I am running the function on a small snp subset with appr 18000 samples. I have also tried running the function with the standard settings for bp_window_size and memory_per_core with the same results. I use 6 nodes with each 16 cores and 180gb RAM.
We really need to change the default block_size. 4096 is far too large in my experience. @Mathias_Hansen, for both pc_relate and ld_prune please try a block size of 1024.
It is unacceptable that Spark blows up on this tiny block size, but I have not had the time to understand why.

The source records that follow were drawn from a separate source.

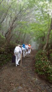 白装束の一団とすれ違う。まさに山岳信仰が盛んなようすが伺えました。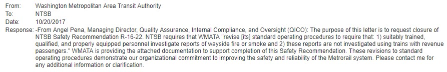 (8) When Carol Glover's train became trapped after being sent to find smoke in January 2015 @NTSB told Metro to stop sending passengers to look for smoke and fire. Metro complied ... sort of. (more)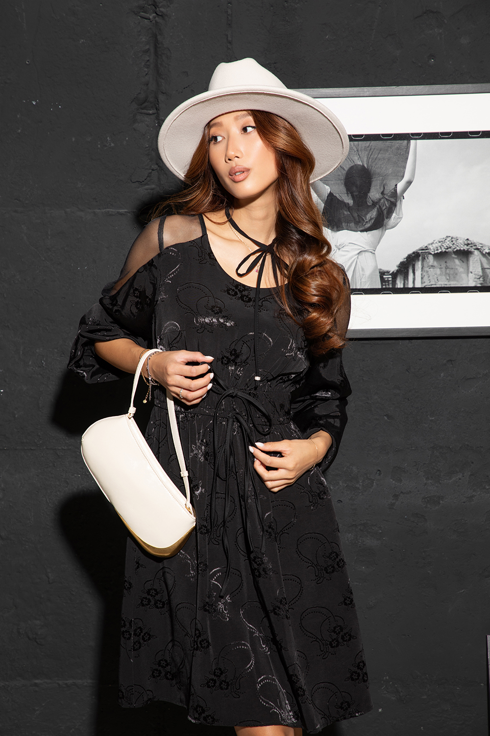 Елегантна рокля от красива вискоза в дискретен десен в черно. Леко свободен силует с разкроена долна част и ефектно вталяване посредством двоен ластик в талията. Обло деколте и дълъг ръкав с платки от тюл на раменете.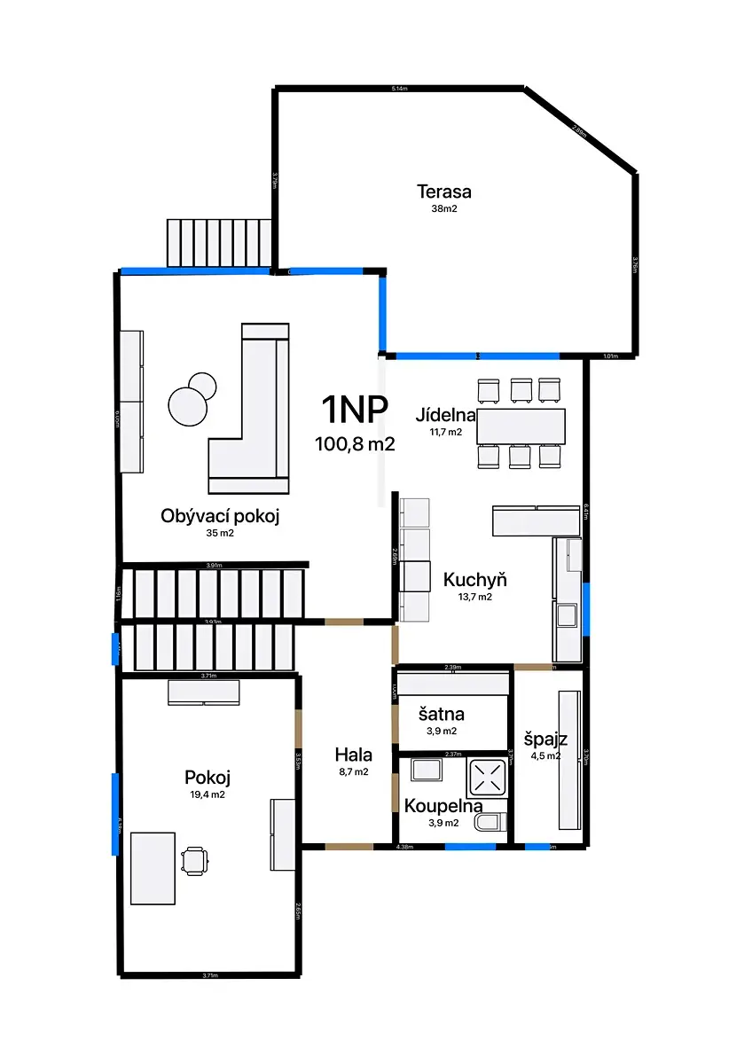 Dům je volný a doporučuji jeho prohlídku.
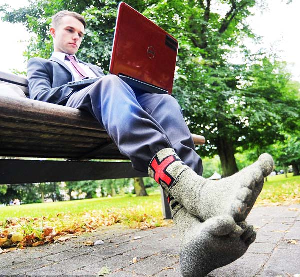 Αυτή η εξαιρετικά πρωτότυπη δημιουργία ανήκει σε μια ελβετική εταιρεία. Οι συγκεκριμένες κάλτσες, σύμφωνα με τους Ελβετούς, κάνουν όσους τις φορούν να νιώθουν ότι περπατούν ξυπόλητοι!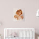Viktorianisches Kind mit Kranz aus rosa Blume auf ihrem lockigen Haar. Weiche Pastellkleidung in Rosa mit Spitzen-Ärmeln vervollständigt die reizvolle Vintage Illustration.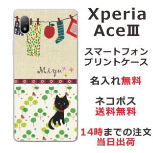 - Xperia Ace III SO-53C エクスペリアエース3 らふら 名入れ スマホケース 黒猫 洗濯物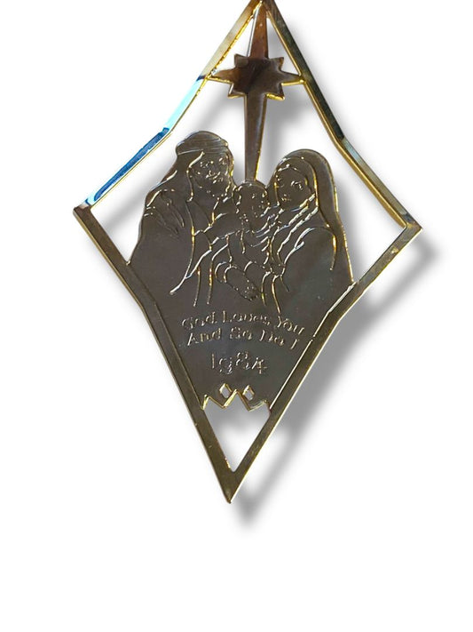 1984 Dated Goldtone Navity Ornament God Loves You So Do I 4.5"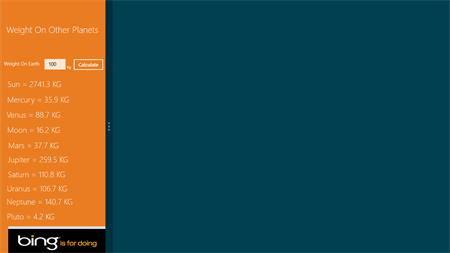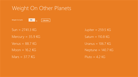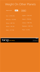 Weight On Other Planets is a fun app (and free too) which allows you to calculate your weight on other planets. It allows you to calculate your weight on Sun and Moon too (Sun is a star and Moon is a satellite). I am a 15 years old geek. So for my study purposes, I added few ads in this app (One banner only, no problem in user experience).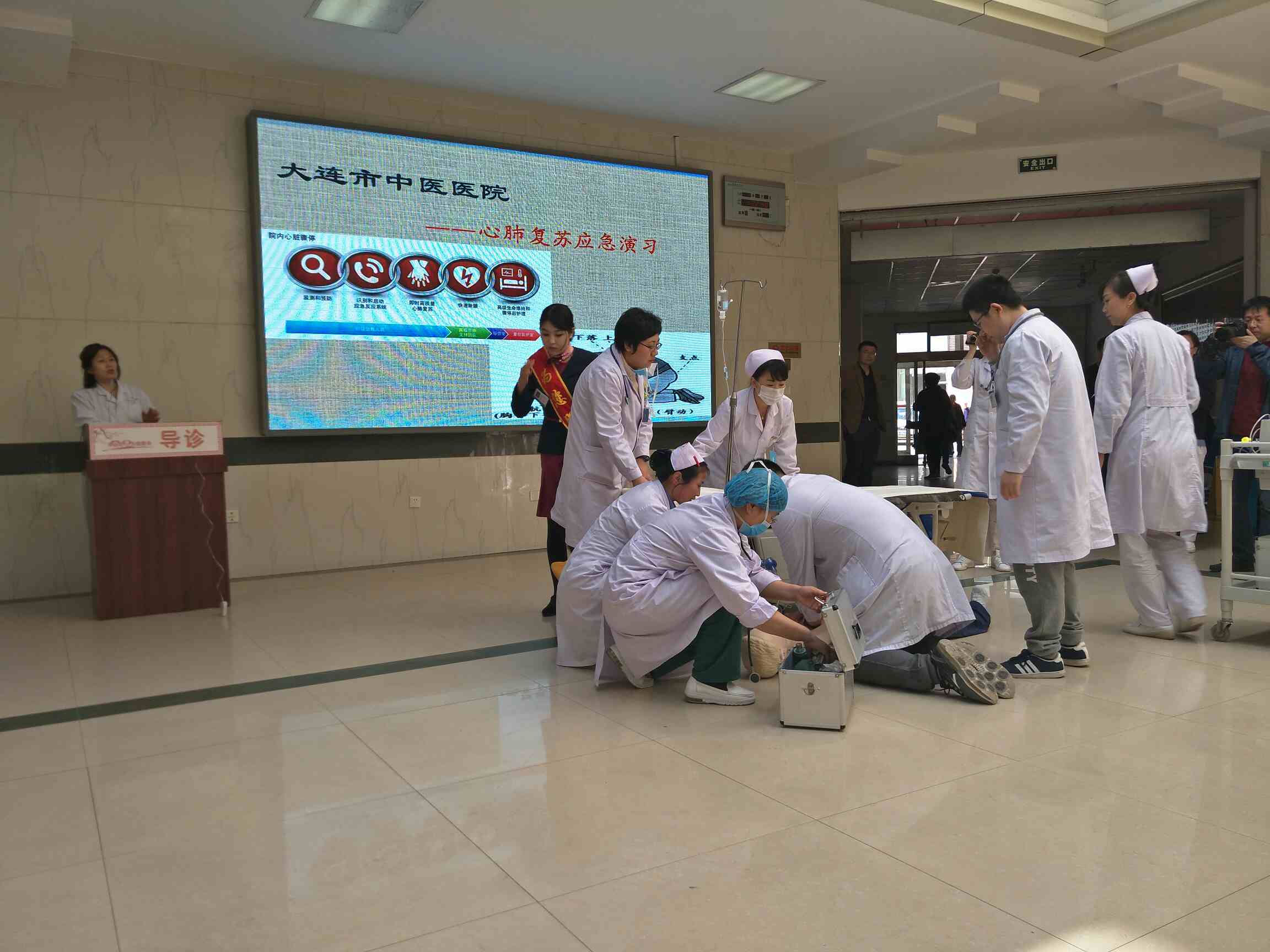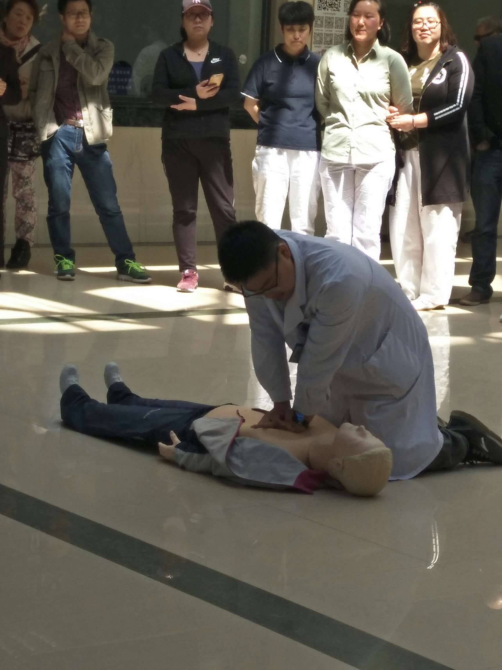 来取中药看到大堂在搞心肺复苏演练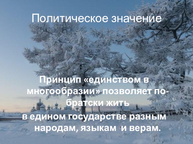 Политическое значение Принцип «единством в многообразии» позволяет по-братски жить в едином государстве разным народам, языкам и верам.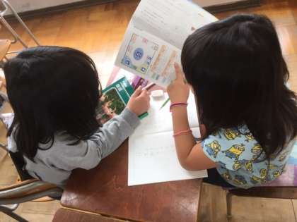 国語の学習で「案内係をしよう」と、とある水族館の地図やイベントマップを頼りに、案内係役、お客さん役になりきって活動をしました。
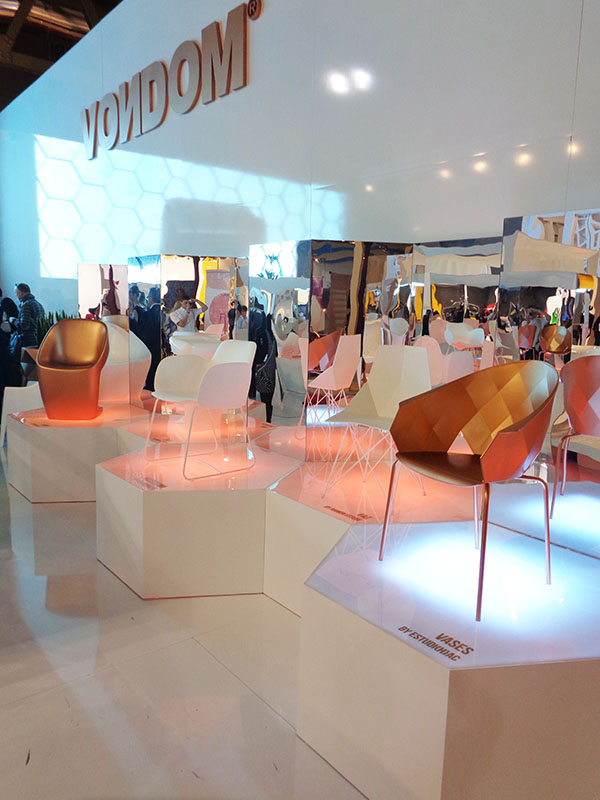 At first count, Vondom exhibited over 15 new collections from established partnerships with Karim Rashid, Ramon Esteve, Fabio Novembre, Ora Ito, A-Cero and new relationships with well known designers such as Jorge Pensi, Estudi{h}ac, Gabrielle + Oscar Buratti, all bearing the Vondom trademark of roto-moulded plastic.

I first tried to reduce the block_size to 1024 as you suggested, which did not change the error message. I then tried to increase the subset of data (to appr a whole chromosome), now I get another Exception from running both ld_prune() and pc_relate():
“inbreeding does not support multiallelic variants/genotypes. Found genotype 0/2.”

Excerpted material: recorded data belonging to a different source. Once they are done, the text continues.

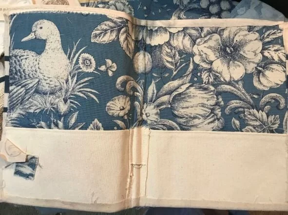 This is the inside cover it already had pockets-lucky me and so I just added a fabric sample piece from my stash.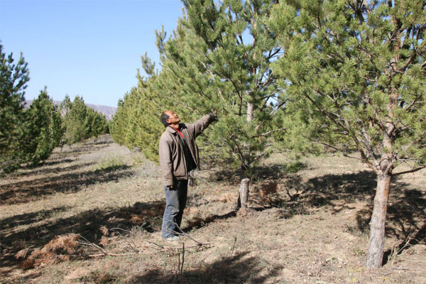 由于山上不能直接育樹(shù)苗,齊軍祥每年都要在自家耕地里先育苗,再將育好的苗移栽到山上,而那些種不完的樹(shù)苗就對(duì)外銷售,獲取一些收入。2004年,齊軍祥已經(jīng)培育了30多畝松樹(shù)和柏樹(shù)樹(shù)苗。當(dāng)年,除了用于齊山栽植和對(duì)外銷售,他家耕地里還剩下10多畝樹(shù)苗,齊軍祥任其繼續(xù)生長(zhǎng)著。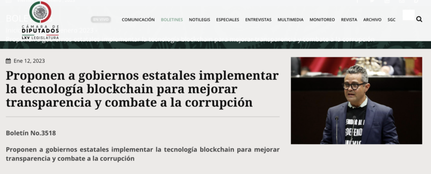 El diputado del partido Movimiento Ciudadano (MC) de México, Andrés Pintos Caballero, propuso ante la Cámara de Diputados la utilización de blockchain para el combate contra la corrupción y para mejorar la transparencia, ya que esas malas prácticas habrían costado 9,500 millones de pesos en 2021.
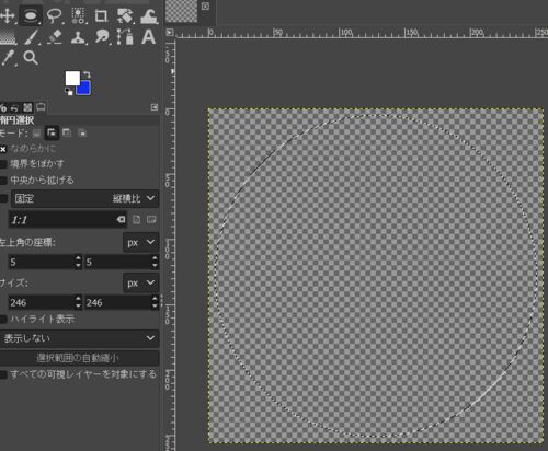 楕円選択で正円に選択。 グラデーションが入ったブラシで選択範囲の外側に沿って塗る。 消しゴムで適当に消していく。 完成。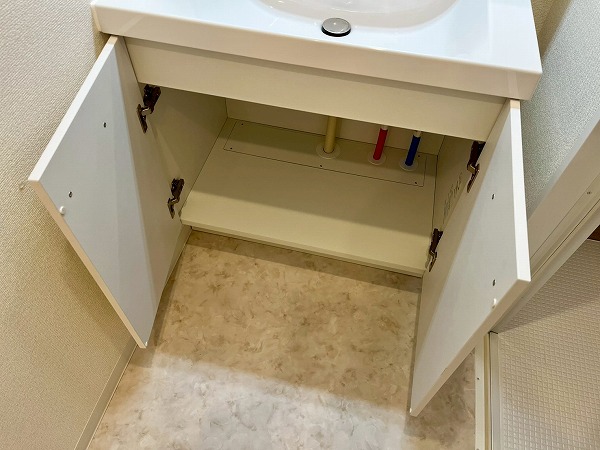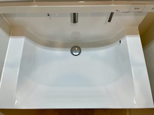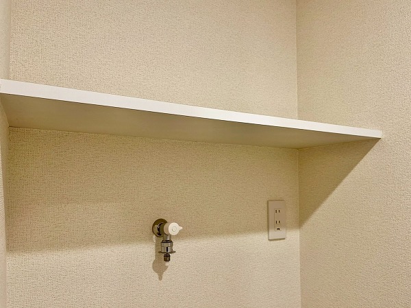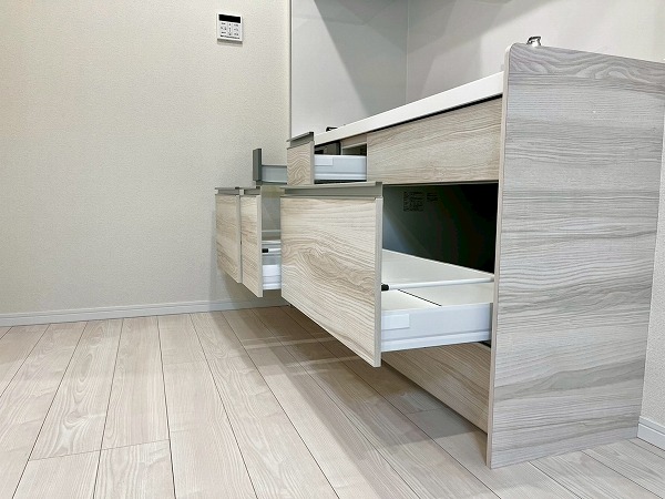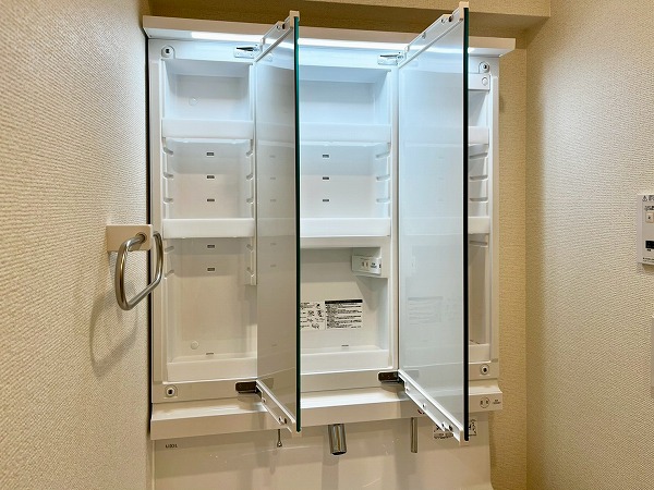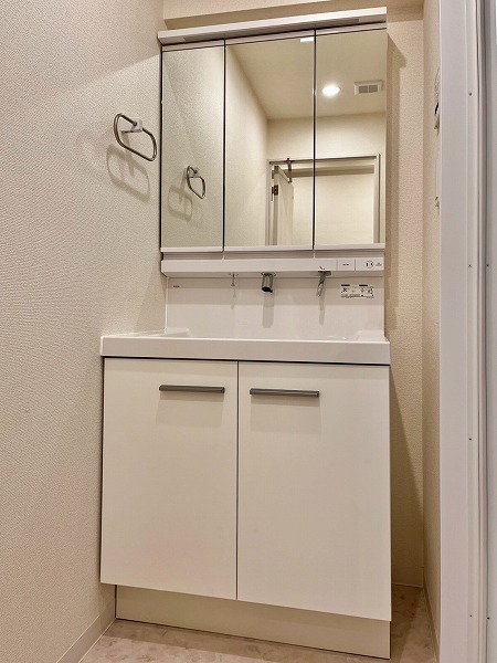 水回りが使いやすくまとまったパウダールーム。洗面台に付いたライトがお顔を照らしてくれ、身支度がぐっとしやすくなりますね。鏡裏の収納スペースに歯ブラシやスキンケア用品をしまっておけば、整頓された洗面周りを維持できます。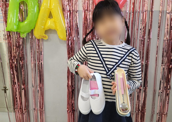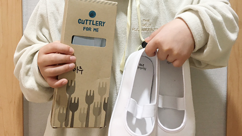새하얗고 작은 실내화를 신고 새로운 세상을 맘껏 누비며 얼굴에 웃음이 떠나질 않기를, 새 수저세트와 함께 좋아하는 친구들과 건강한 음식을, 건강한 마음을 나누어 먹기를 바래봅니다.

I call split_multi() on the dataset first, as suggested by your guide. I assume this could create 0/2 genotypes, so I don’t understand the error.
I have added filter_rows(len(data.alleles) == 2) after the split_multi() call to be sure, but this returned the same exception.
KR
I used the split_multi() without any alternative arguments. And you would suggest split_multi_hts()? I don’t exactly understand why this should be used instead? I tried running split_multi_hts(), this results in ld_prune() removing all variants, and it returns a HailException: block matrix must have at least one row.
Particularly this part seems (to me) to indicate that the “regular” split_multi() works fine with ld_prune():
Note: Requires the dataset to contain no multiallelic variants. Use split_multi() or split_multi_hts() to split multiallelic sites, or MatrixTable.filter_rows() to remove them.